Re: Working with factors of triangular numbers.
- To: mathgroup at smc.vnet.net
- Subject: [mg78766] Re: [mg78490] Working with factors of triangular numbers.
- From: Andrzej Kozlowski <akoz at mimuw.edu.pl>
- Date: Mon, 9 Jul 2007 01:33:13 -0400 (EDT)

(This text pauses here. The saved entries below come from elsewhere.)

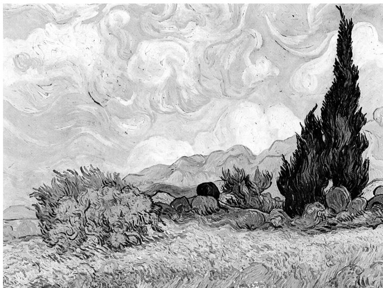
Винсент Ван Гог. Пшеничное поле с кипарисами (вариант). Сентябрь 1889. Лондонская Национальная галерея, Лондон

прочего будет подбирать цвета и сочетания, вырывающиеся из смирительной рубашки природы. Таким образом он утверждает свободу от нее. И потому то, что он делает, интересно».
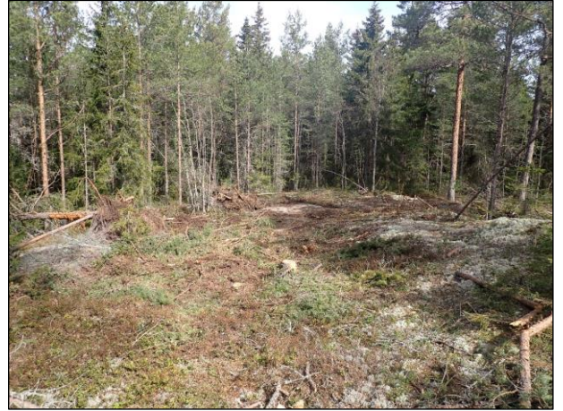
Kuva 5. Frimansträsketissä, tuotantoalueella oleva metsäautotie. Kuvattu pohjoiseen. Kuva 6. Frimansträsketin kallioista mäntymetsää. Kuvattu luoteeseen.
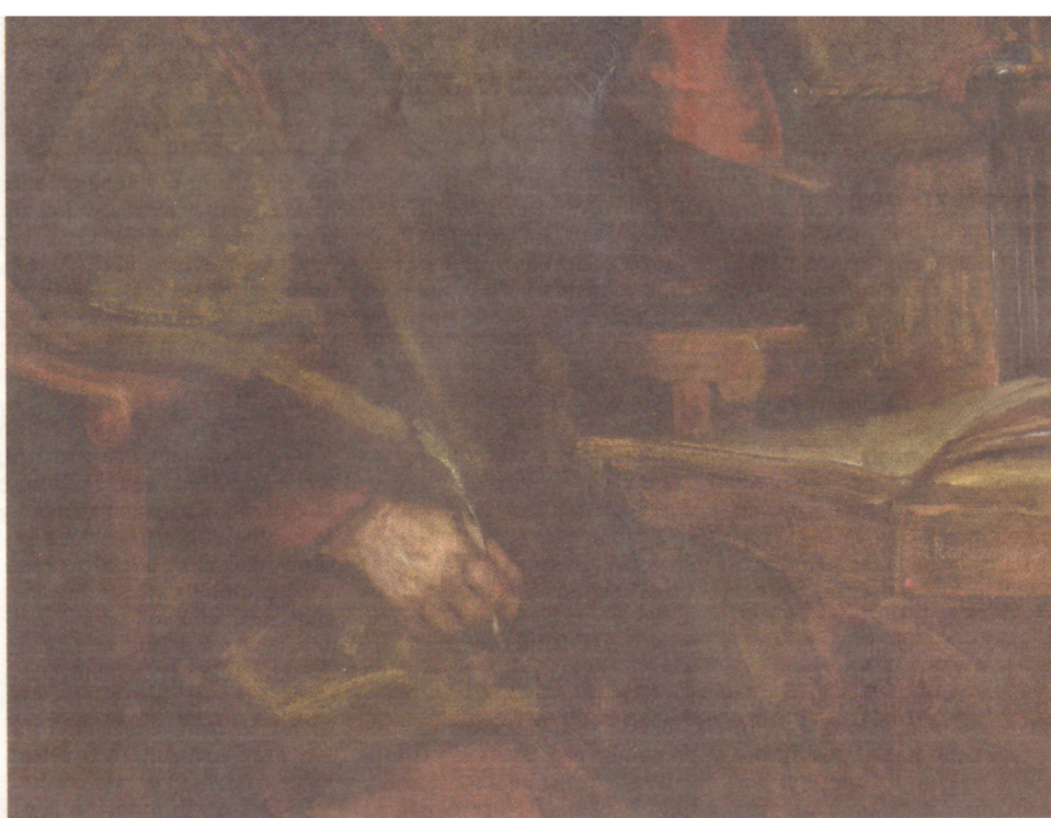
Rembrandt van Rijn: Apoštol Pavel (1657)

Třeba v jeruzalémském chrámu měli pohané povolen přístup na vnější nádvoří – další nádvoří bylo rezervováno pro židovské ženy, další pro židovské muže, k oltářům pak mohli jen kněží.
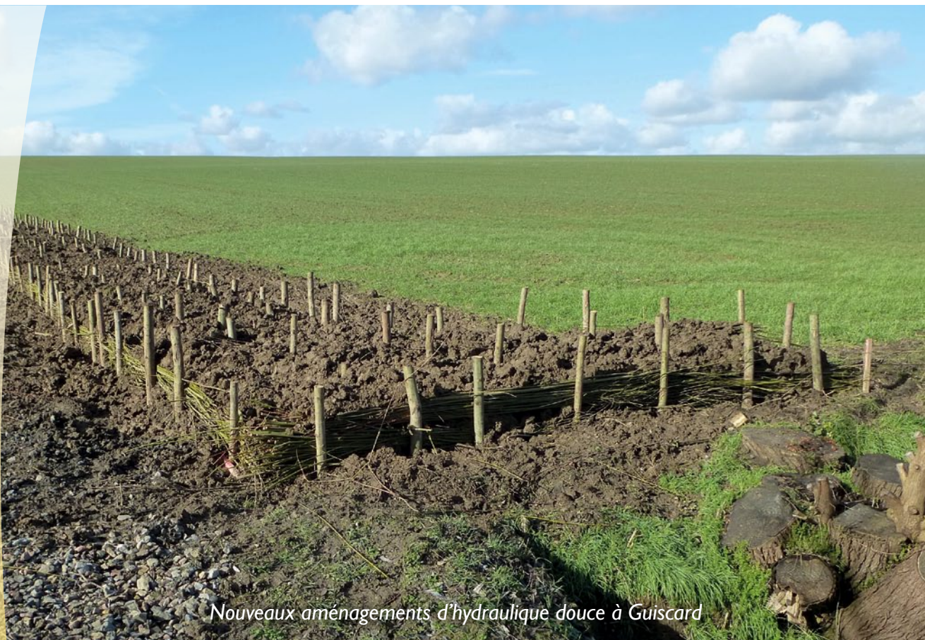
Nouveaux aménagements d'hydraulique douce à Guiscard

Avricourt Beaugies-sous-Bois Beaulieu-les-Fontaines Beaumont-en-Beine Beaurains-les-Noyon Berlancourt Bussy Campagne Candor Catigny Crisolles Ecuville Flavy-le-Meldeux Fréniches Frétoy-le-Château Genvry Golancourt Guiscard Guivry Lagny Le Plessis-Patte-d'Oie Maucourt Morlincourt Muirancourt Noyon Ognolles Pont-l'Evêque Porquericourt Quesmy Salency Sempigny Sermaize Vauchelles Villeselve

- References: <200707030923.FAA17995@smc.vnet.net> <6D2F6E70-2462-4B69-A617-4DEC322D69BF@mimuw.edu.pl> <93E8C621-E93F-4761-A0FF-205BF84249CD@mimuw.edu.pl> <a851af150707070640g1f6a22e9ue072d4eba5c9262a@mail.gmail.com> <6F7B3048-4C96-48BC-AADF-2A62837DE6D3@mimuw.edu.pl> <a851af150707072125o69edf471o4b5be8932a924a32@mail.gmail.com> <EC981B8F-E91E-4CB7-A4C2-030EE8C5F319@mimuw.edu.pl> <B9DF7620-D7E2-49D7-B44E-619C8EB636BF@mimuw.edu.pl> <a851af150707080555r966885cl6a03f44f637ac3ef@mail.gmail.com> <a851af150707080608u4040f2a8y5368c781342d05c1@mail.gmail.com> <a851af150707080617s436ad717uc39e1e68cb974315@mail.gmail.com>
Well, I stayed up longer than I wanted and I think I have now fixed
it, I hope for the final time. Here is the new FF:
FFF[n_] := Module[{u = FactorInteger[n], s, k, partialQ, finalQ, space},
s = u[[All,2]]; k = Length[u]; partialQ[l_List] :=
And @@ Flatten[{Last[l] == Array[0 & , k] ||
!MemberQ[Most[l], Last[l]], Thread[Total[l] <= s - 1]}];
finalQ[l_List] := And @@ Flatten[{Last[l] == Array[0 & , k] ||
!MemberQ[Most[l], Last[l]], Total[l] == s - 1}];
space = Table[DeleteCases[Tuples[(Range[0, #1] & ) /@ (s - 1)],
Alternatives @@ IdentityMatrix[k], Infinity], {k}];
k + Max[0, Length /@ DeleteCases[Backtrack[space, partialQ,
finalQ, All],
Array[0 & , k], Infinity]]]
T[n_] := Block[{k = 1, $Messages},
While[k++; FF[k*((k + 1)/2) - 1] < n, Null]; k*((k + 1)/2)]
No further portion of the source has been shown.